What you are asked to do → Set the data down exactly as it stands, and keep its pictures out.

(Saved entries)

___

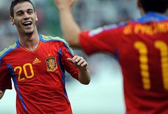 En el primer minuto del partido España ya se puso por delante en el luminoso. Álvaro Vázquez cedió atrás en la frontal del área para que Sergio Roberto marcara el primero de la selección. Era la primera jugada de peligro y el combinado nacional ya mandaba.
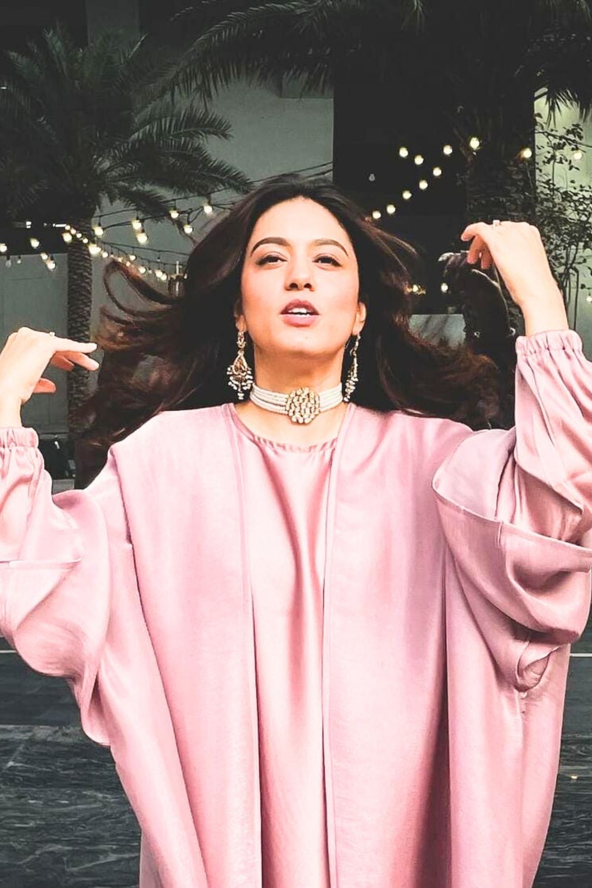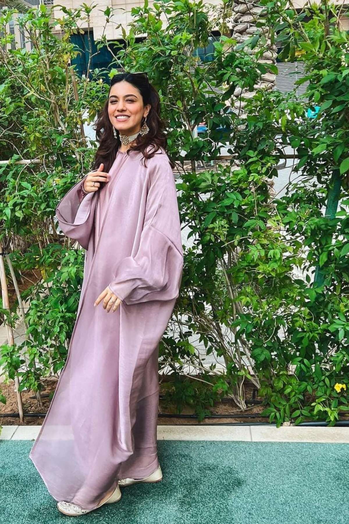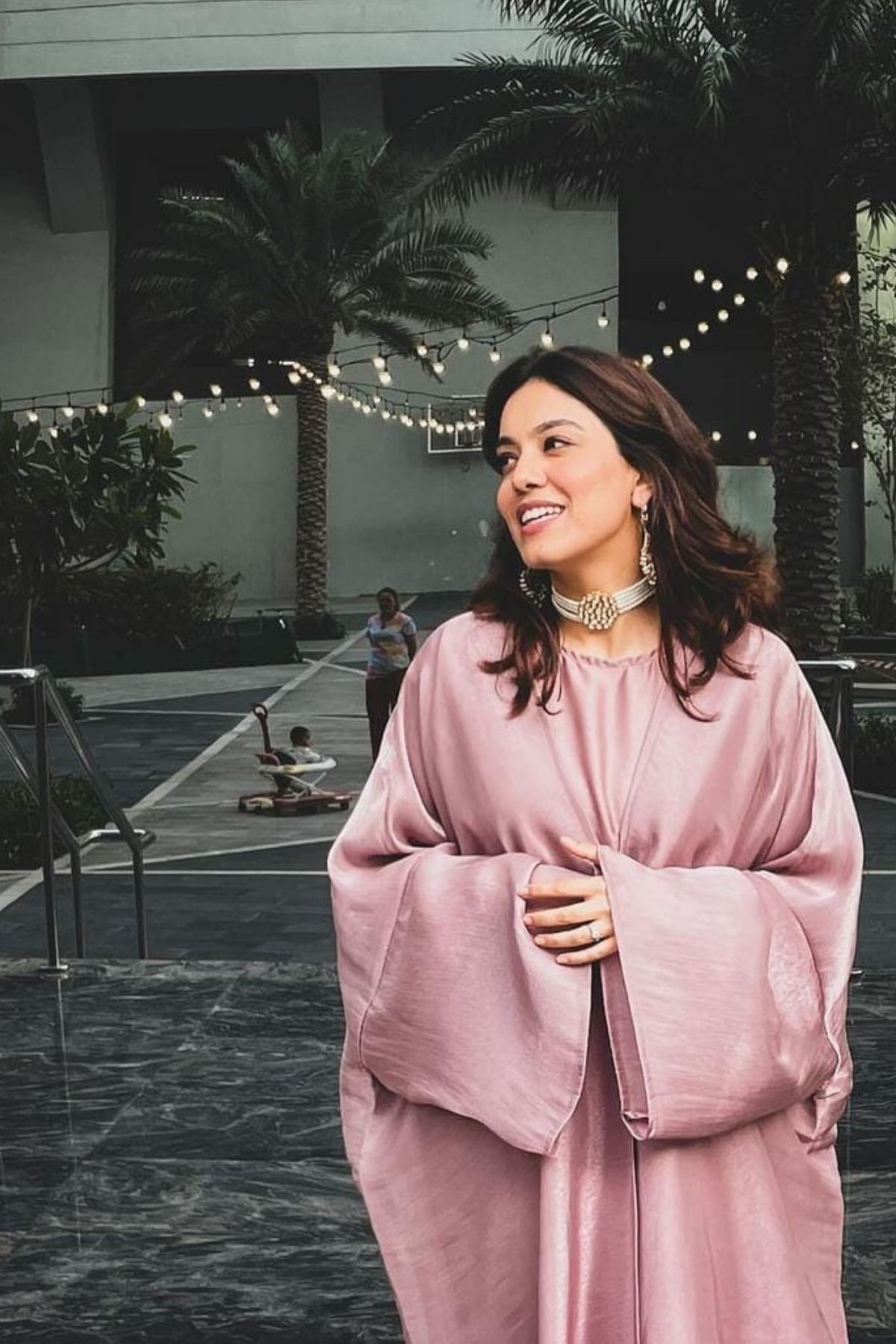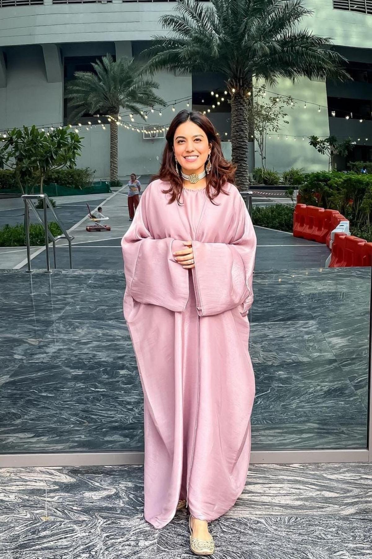 Perfect for brunches, daytime gatherings, Eid celebrations, or intimate events. Style it with pearls, soft gold jewelry, or nude heels to enhance its delicate tea-pink shimmer and create a fresh, feminine, and effortlessly elegant finish.
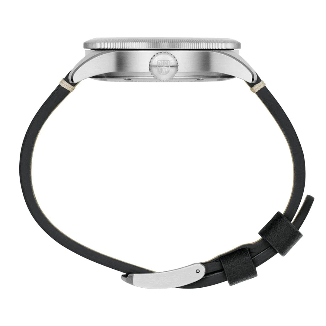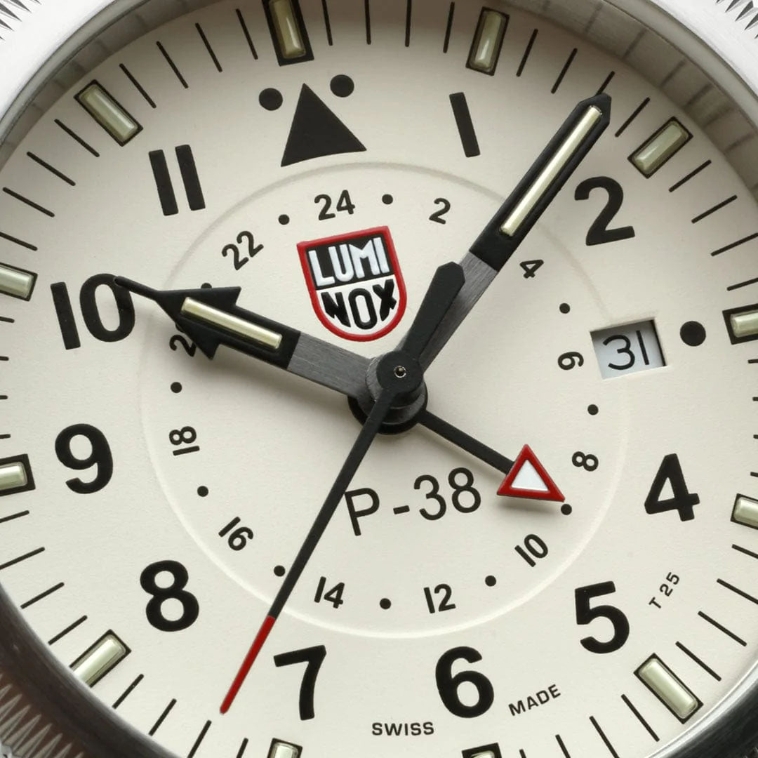 Luminox Watch Air Pilot P-38 Lightning 9520 Series XA.9527. The timeless P 38 LIGHTNING with a 42mm beige dial and sapphire crystal comes with a black leather strap with Luminox signature buckle. The second timezone makes it a must have for any worldwide traveler.
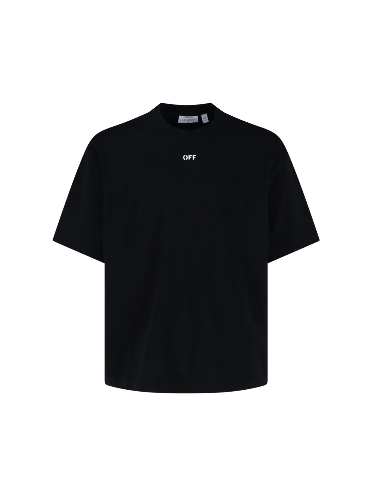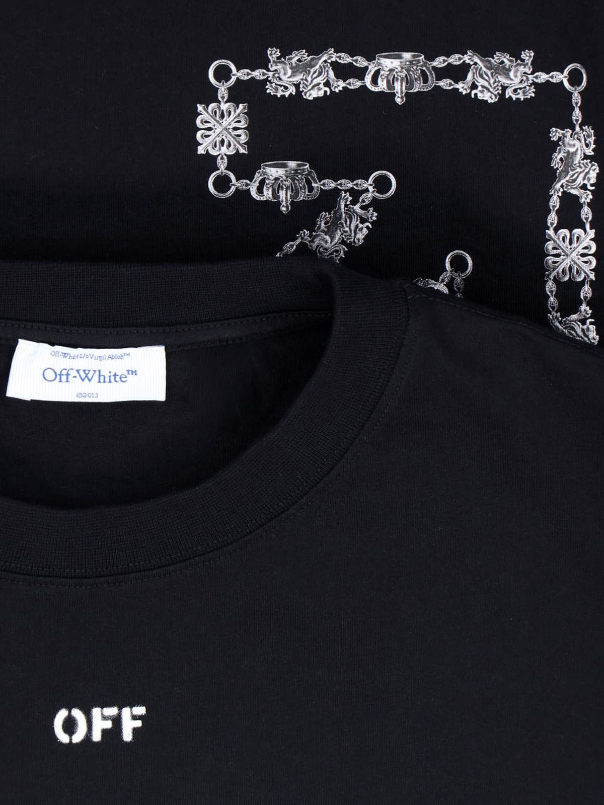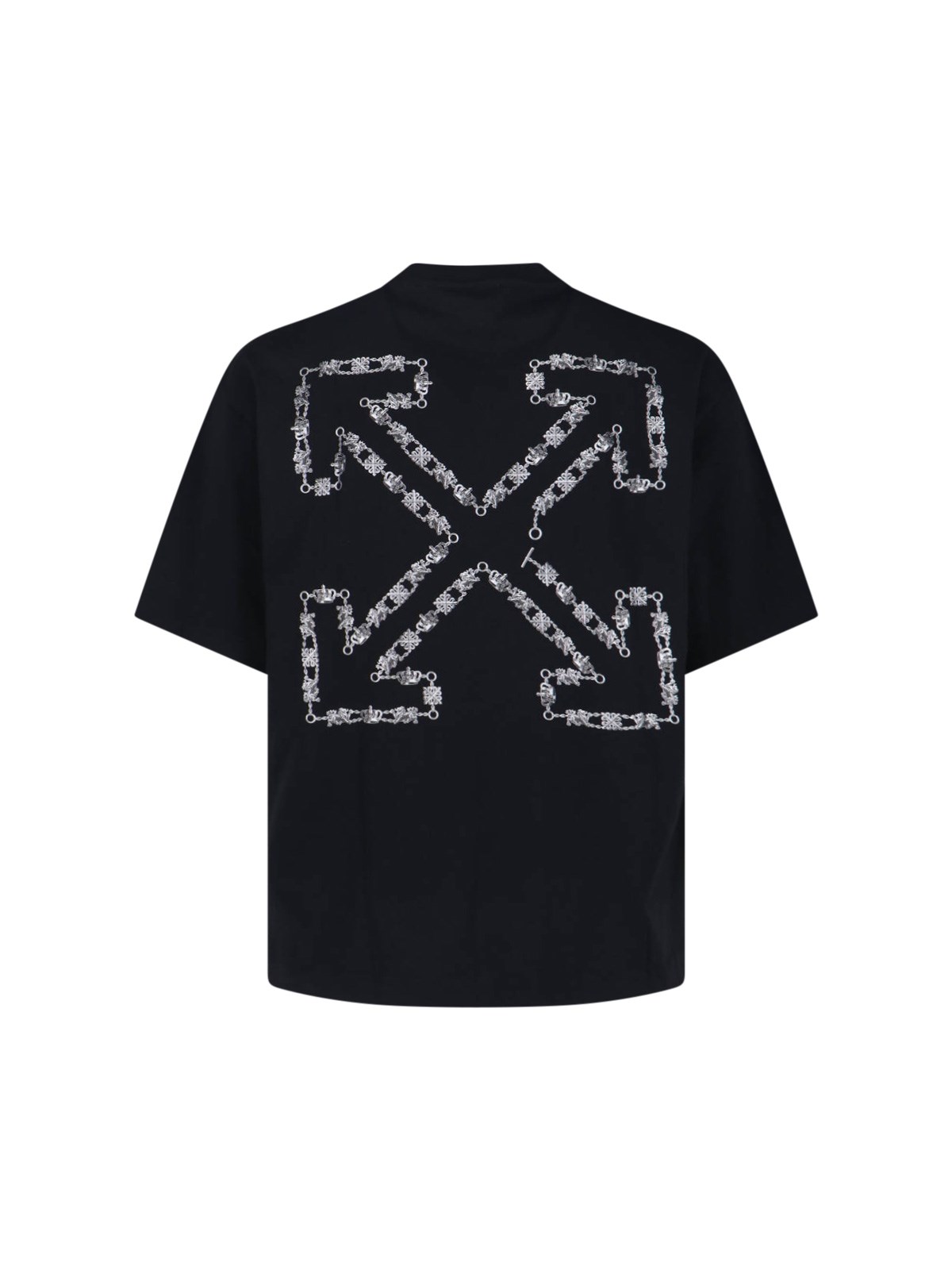 Off-White "Chain Arrow" black cotton crew neck t-shirt with dropped shoulders, short sleeves, logo print on the front, maxi arrow print on the back, ribbed trims, straight hem.
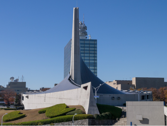 场馆采用了当时最先进的悬锁结构,打造了无支柱的超大空间,设计中还蕴含着日本传统建筑元素,可以追溯到日本古建筑中的神社造型。
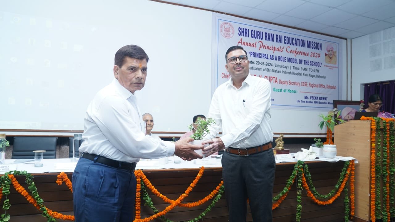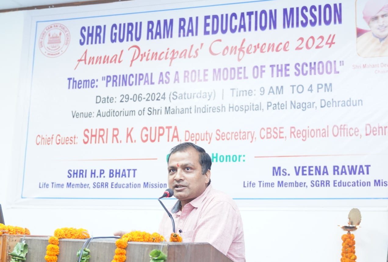 मुख्य अतिथि आर.के.गुप्ता ने कहा कि श्री गुरु राम राय एजुकेशन मिशन के संस्थान गुणवत्तापरक शिक्षा को आम आदमी की पहुंच के अंदर प्रदान कर रहे हैं, यह मिशन का बेहद सराहनीय प्रयास है। उन्होंने सीबीएसई 10वीं एवं 12वीं के परीक्षा परिणामों में एसजीआरआर स्कूली के मेधावी छात्र-छात्राओं के प्रदर्शन को प्रशंसनीय बताया। उन्होंने सभी प्रधानाचार्यों का आह्वाहन किया कि वे सीएबीएसई की वेबसाइट का अध्ययन कर नवीन जानकारियों से अपडेट रहें। एसजीआरआर एजुकेशन मिशन के आजीवन सदस्य एच.पी.भट्ट ने कहा एसजीआरआर एजुकेशन मिशन के अन्तर्गत संचालित स्कूलों का माॅडल प्रधानाचार्यों के अनुकूल है। प्रधानाचार्य एक कुशल प्रशासक की तरह अपने सकारात्मक विचारों व निर्णयों को कियान्वित करवाकर स्कूल व छात्र हितों में निर्णय ले सकता है।
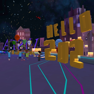 Last week I found myself celebrating the New Year with the VR & AR of Southwest Florida Meetup group hosted by the very creative Evgeniya Simmons. She played around with the basic elements provided by Altspace VR to create a custom designed world for our party. The space was filled with balloons, custom signs, a powerpoint presentation, fireworks, games... The list goes on (did I forget to mention the boombox? There was a boombox with party music!)

___

Exercise result →
 En el primer minuto del partido España ya se puso por delante en el luminoso. Álvaro Vázquez cedió atrás en la frontal del área para que Sergio Roberto marcara el primero de la selección. Era la primera jugada de peligro y el combinado nacional ya mandaba.
 Perfect for brunches, daytime gatherings, Eid celebrations, or intimate events. Style it with pearls, soft gold jewelry, or nude heels to enhance its delicate tea-pink shimmer and create a fresh, feminine, and effortlessly elegant finish.
 Luminox Watch Air Pilot P-38 Lightning 9520 Series XA.9527. The timeless P 38 LIGHTNING with a 42mm beige dial and sapphire crystal comes with a black leather strap with Luminox signature buckle. The second timezone makes it a must have for any worldwide traveler.
 Off-White "Chain Arrow" black cotton crew neck t-shirt with dropped shoulders, short sleeves, logo print on the front, maxi arrow print on the back, ribbed trims, straight hem.
 场馆采用了当时最先进的悬锁结构,打造了无支柱的超大空间,设计中还蕴含着日本传统建筑元素,可以追溯到日本古建筑中的神社造型。
 मुख्य अतिथि आर.के.गुप्ता ने कहा कि श्री गुरु राम राय एजुकेशन मिशन के संस्थान गुणवत्तापरक शिक्षा को आम आदमी की पहुंच के अंदर प्रदान कर रहे हैं, यह मिशन का बेहद सराहनीय प्रयास है। उन्होंने सीबीएसई 10वीं एवं 12वीं के परीक्षा परिणामों में एसजीआरआर स्कूली के मेधावी छात्र-छात्राओं के प्रदर्शन को प्रशंसनीय बताया। उन्होंने सभी प्रधानाचार्यों का आह्वाहन किया कि वे सीएबीएसई की वेबसाइट का अध्ययन कर नवीन जानकारियों से अपडेट रहें। एसजीआरआर एजुकेशन मिशन के आजीवन सदस्य एच.पी.भट्ट ने कहा एसजीआरआर एजुकेशन मिशन के अन्तर्गत संचालित स्कूलों का माॅडल प्रधानाचार्यों के अनुकूल है। प्रधानाचार्य एक कुशल प्रशासक की तरह अपने सकारात्मक विचारों व निर्णयों को कियान्वित करवाकर स्कूल व छात्र हितों में निर्णय ले सकता है।
 Last week I found myself celebrating the New Year with the VR & AR of Southwest Florida Meetup group hosted by the very creative Evgeniya Simmons. She played around with the basic elements provided by Altspace VR to create a custom designed world for our party. The space was filled with balloons, custom signs, a powerpoint presentation, fireworks, games... The list goes on (did I forget to mention the boombox? There was a boombox with party music!)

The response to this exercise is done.